The offended, perhaps because of personal experience, realizes that the offence could very well be repeated. Why forgive? Why leave myself open to further pain? How many times should I be expected to forgive? Surely there should be a limit!
The startling truth is that there can be no limit.
Matthew chapter 18 begins with a question about who is the greatest in the kingdom of heaven. Jesus' response calls on each disciple to become the greatest by humbling himself. He then deals with our responsibilities towards others. It is a serious thing to cause others spiritual harm. We must by all means avoid being the cause of such. The self renunciation involved to avoid offending others is likened to the amputation of a hand or foot or the gouging out of an eye. Pretty serious business! This whole section is about relationships among brethren and especially warns us to avoid causing others to sin, to wander away or to be lost. It ends with, "In the same way your Father in heaven is not willing that any of these little ones should be lost (v.14).
Obviously, Jesus understood that the way we treat each other could have very adverse, long-term results. God is very much concerned and seeks after "those that wander off". Am I concerned? Do I seek after them? What about you?
Offences have, do and will happen even (sometimes it appears more so) among brethren. Jesus next addresses the procedures for correcting such. Although it is likely that most of us can list the steps and procedures involved, I fear that very few manage to do them. Therefore we will examine them once more.
The first step is a private one, evidently to avoid magnifying the problem by making it public. Such can be embarrassing to the parties involved, a blot on the church and cause resolution to be even more difficult. Although Jesus' instruction is to go to the offender we tend to go in another direction. We go to others and share our hurt with one, or two or several. The matter becomes public and thus more complicated and difficult. Much harm is done. We thus, perhaps inadvertently, commit a serious offence against the offender.
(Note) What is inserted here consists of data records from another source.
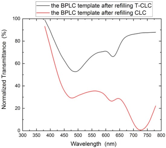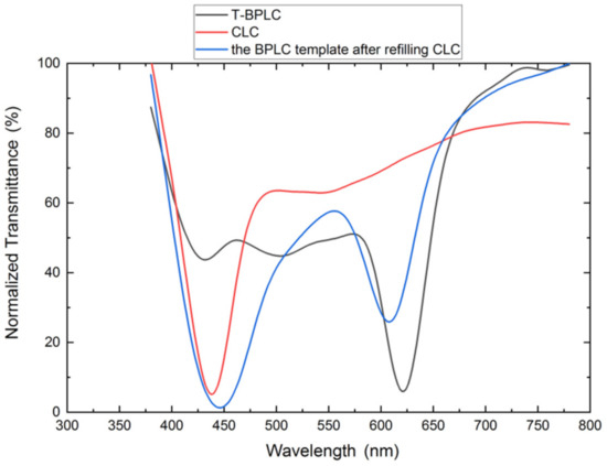A dual-wavelength LC filter was obtained by filling a CLC whose central wavelength is far from that of the intrinsic BPLC template into the template, and its transmittance spectrum is shown in Figure 6. The central wavelength of the templated BPLC and the CLC are 620 nm (black line) and 438 nm (red line), and the FWHMs are 54 nm and 62 nm, respectively; the two reflective peaks of the dual-wavelength LC filter are 608 nm and 446 nm (blue line). We may see that the two reflective peaks of the dual-wavelength LC filter are close to the central wavelength of templated BPLC and CLC, and only the band width increases a little. The results show that the dual-wavelength LC filter fabricated by the multi-refilling process maintains a good consistency with the design parameters.
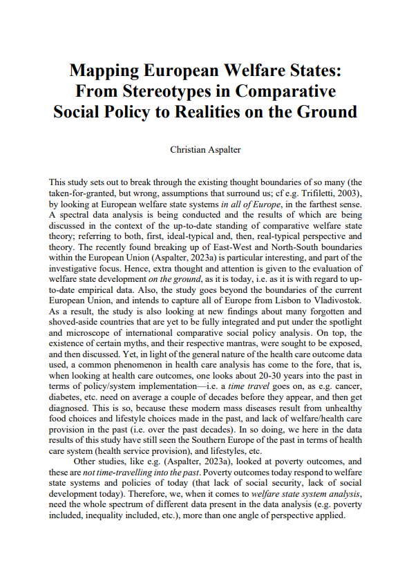 Updated working paper: Mapping European welfare states by Christian Aspalter
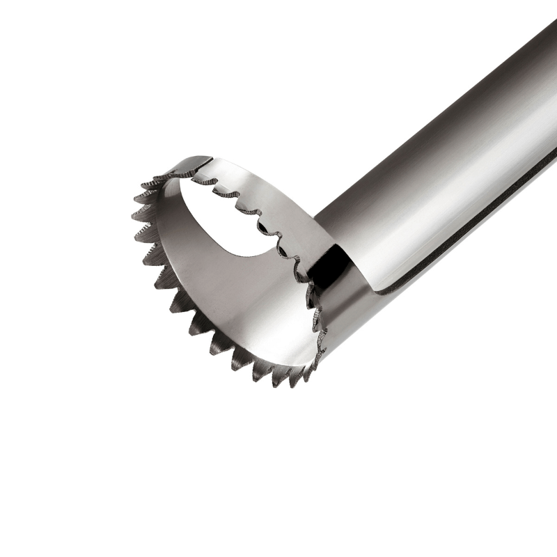 種まわりの繊維の多い部分でも簡単にカットできるギザギザの刃は、
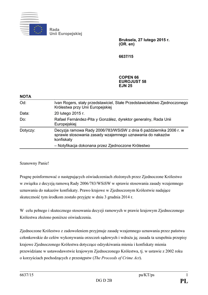 Rada Unii Europejskiej Bruksela, 27 lutego 2015 r. (OR. en) 6637/15 COPEN 66 EUROJUST 58 EJN 25 NOTA Od: Data: Ivan Rogers, stały przedstawiciel, Stałe Przedstawicielstwo Zjednoczonego Królestwa przy Unii Europejskiej 20 lutego 2015 r. Do: Rafael Fernández-Pita y González, dyrektor generalny, Rada Unii Europejskiej Dotyczy: Decyzja ramowa Rady 2006/783/WSiSW z dnia 6 października 2006 r. w sprawie stosowania zasady wzajemnego uznawania do nakazów konfiskaty – Notyfikacja dokonana przez Zjednoczone Królestwo Szanowny Panie! Pragnę poinformować o następujących oświadczeniach złożonych przez Zjednoczone Królestwo w związku z decyzją ramową Rady 2006/783/WSiSW w sprawie stosowania zasady wzajemnego uznawania do nakazów konfiskaty. Prawo krajowe w Zjednoczonym Królestwie nadające skuteczność tym środkom zostało przyjęte w dniu 3 grudnia 2014 r. W celu pełnego i skutecznego stosowania decyzji ramowych w prawie krajowym Zjednoczonego Królestwa złożono poniższe oświadczenia. Zjednoczone Królestwo z zadowoleniem przyjmuje zasadę wzajemnego uznawania przez państwa członkowskie do celów wykonywania orzeczeń sądowych i wdraża ją; zasada ta uzupełnia przepisy krajowe Zjednoczonego Królestwa dotyczące odzyskiwania mienia i konfiskaty mienia przewidziane w ustawodawstwie krajowym Zjednoczonego Królestwa, tj. w ustawie z 2002 roku o korzyściach pochodzących z przestępstw (The Proceeds of Crime Act). 6637/15 pa/KT/ps DG D 2B 1 PL Decyzja ramowa Rady 2006/783/WSiSW W odniesieniu do decyzji ramowej Rady 2006/783/WSiSW: na mocy art. 3 każdy prokurator w Zjednoczonym Królestwie może przekazywać nakazy wydane przez sądy w Zjednoczonym Królestwie i dotyczące mienia w innych państwach członkowskich. W odniesieniu do nakazów wydanych przez państwa członkowskie i dotyczących mienia w Zjednoczonym Królestwie organami właściwymi są następujące podmioty: Dla Anglii i Walii: Crown Prosecution Service (Koronna Służba Prokuratorska) Proceeds of Crime Rose Court 2 Southwark Bridge London SE1 9HS lub: Serious Fraud Office (Urząd ds. Zwalczania Poważnych Nadużyć) Proceeds of Crime Serious Fraud Office 2-4 Cockspur Street London SW1Y 5BS Dla Irlandii Północnej: Public Prosecution Service for Northern Ireland (Służba Prokuratorska Irlandii Północnej) High Court & International Section Belfast Chambers 93 Chichester Street Belfast BT1 3JR 6637/15 pa/KT/ps DG D 2B 2 PL lub: Serious Fraud Office (Urząd ds. Zwalczania Poważnych Nadużyć) Proceeds of Crime Serious Fraud Office 2-4 Cockspur Street London SW1Y 5BS Dla Szkocji: International Co-operation Unit (Wydział ds. Współpracy Międzynarodowej) Crown Office (Urząd Koronny) 25 Chambers Street Edinburgh EH1 ILA tel.: +44 (0)131 243 8152 faks: +44 (0)131 243 8153 adres mejlowy: [email protected] Podkreślamy, że uprawnienia do wydawania i uznawania nakazów konfiskaty i odpowiedzialność za ich wydawanie i uznawanie pozostają w kompetencji sądu Zjednoczonego Królestwa. W odniesieniu do art. 19 ust. 2: Zjednoczone Królestwo będzie akceptować wyłącznie nakazy, zaświadczenia i inne dokumenty uzupełniające sporządzone w języku angielskim (lub z dołączonym uwierzytelnionym tłumaczeniem na język angielski). Podkreślamy, że uprawnienia do wydawania i uznawania postanowień o zabezpieczeniu i odpowiedzialność za ich wydawanie i uznawanie pozostają w kompetencji sądu Zjednoczonego Królestwa. 6637/15 pa/KT/ps DG D 2B 3 PL W przypadku gdyby chciał Pan omówić któreś z oświadczeń przedstawionych powyżej, Stephen Goadby z Ministerstwa Spraw Wewnętrznych z przyjemnością udzieli dalszych wyjaśnień: [email protected] +44 (0)20 7035 1559. (zwrot grzecznościowy) (podpisano) Ivan Rogers ____________________ 6637/15 pa/KT/ps DG D 2B 4 PL
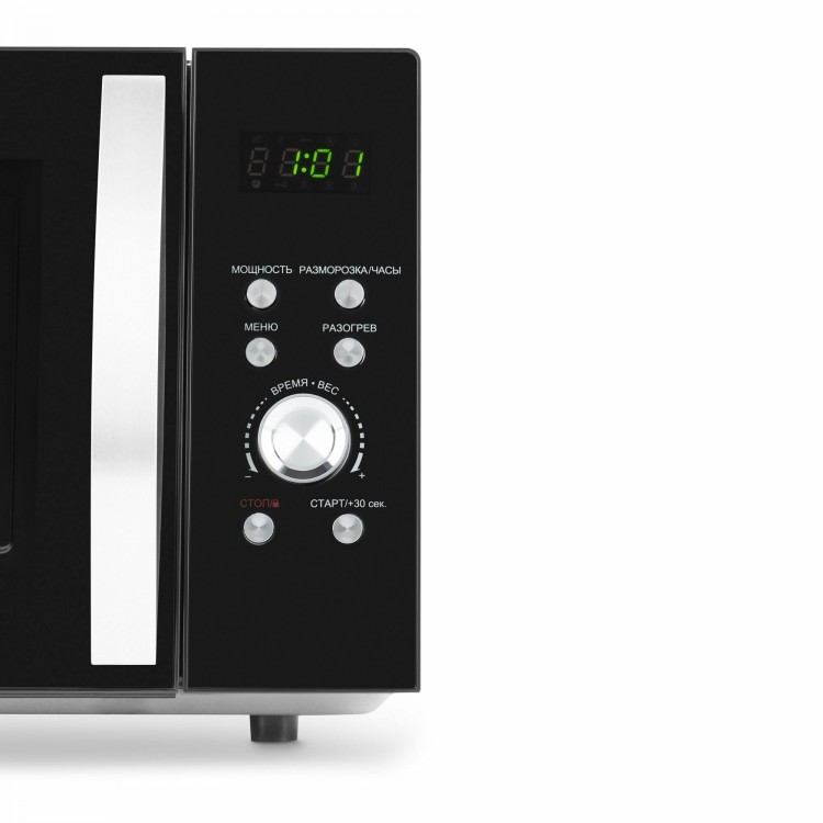 Микроволновая печь оснащена дисплеем и понятным управлением, которое позволяет легко выбрать нужный режим и настроить время.
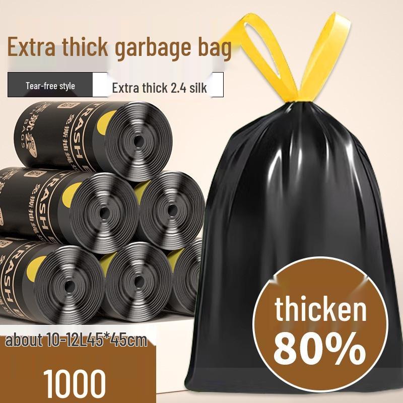 Extra Thick Tear-Free Black Drawstring Garbage Bags for Bathroom, Portable and Durable
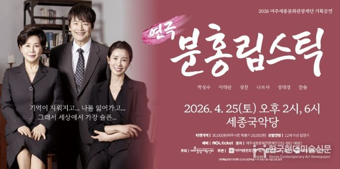 한국현대미술신문 배윤섭 기자 | 여주세종문화관광재단이 오는 4월 25일, 예술경영지원센터의 공모사업인 '공연예술 지역 유통지원 사업'의 일환으로 베테랑 배우들이 참여한 창작 연극‘분홍립스틱’을 세종국악당에서 개최한다.

Jesus says to "go" to him and "show" him not someone else. It may be difficult but it is so much better to do it Jesus' way.
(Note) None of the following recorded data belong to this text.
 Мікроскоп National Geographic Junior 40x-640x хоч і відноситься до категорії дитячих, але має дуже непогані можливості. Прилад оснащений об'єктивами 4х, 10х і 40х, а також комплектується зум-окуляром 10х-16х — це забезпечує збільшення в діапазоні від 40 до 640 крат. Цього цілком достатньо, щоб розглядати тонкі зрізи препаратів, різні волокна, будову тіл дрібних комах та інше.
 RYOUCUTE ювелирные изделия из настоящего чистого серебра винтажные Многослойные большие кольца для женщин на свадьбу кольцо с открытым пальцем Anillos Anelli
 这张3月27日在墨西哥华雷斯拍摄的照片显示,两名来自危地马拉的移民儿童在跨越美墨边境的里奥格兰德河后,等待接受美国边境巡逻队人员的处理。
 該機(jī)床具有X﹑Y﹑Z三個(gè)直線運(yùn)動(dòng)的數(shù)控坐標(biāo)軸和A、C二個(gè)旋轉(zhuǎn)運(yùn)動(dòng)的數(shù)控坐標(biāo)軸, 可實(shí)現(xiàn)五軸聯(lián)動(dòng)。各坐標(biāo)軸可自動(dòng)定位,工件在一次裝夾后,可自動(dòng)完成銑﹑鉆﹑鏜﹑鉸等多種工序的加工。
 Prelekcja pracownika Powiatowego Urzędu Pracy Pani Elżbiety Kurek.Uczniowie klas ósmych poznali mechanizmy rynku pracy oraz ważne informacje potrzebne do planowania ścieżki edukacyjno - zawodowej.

The onus here is on the offended, the person who has been hurt. In hindsight most of us can look back on situations where failure to quickly take this first step has seriously worsened a situation.
If step one is successful "you have won your brother over" (v.15). In the context I believe that this means more than that you have regained your relationship with him. But, disappointingly, this first step is not always successful. He may not be convinced by your effort to "show" him his fault. Jesus teaches that one or two others now be involved. The story is now to be shared but only in a limited way. It is still contained.
Perhaps the one or two will help you to see the offence differently, perhaps less seriously. These should be people who are respected, especially by the offender, and who have shown wisdom. Hopefully, together you will be able to convince him and he will be "won".
If, however, this also fails, Jesus instructs us to "tell it to the congregation" (v.17). It sounds simple. Just make a public statement. As in Paul's instruction for the treatment of the immoral brother at Corinth, the brethren are to be "assembled in the name of Jesus" (I Cor.5:7) to take the necessary action. Hopefully, the whole congregation being in agreement, this will suffice to bring about repentance and reconciliation. If not, OUT! (V.17).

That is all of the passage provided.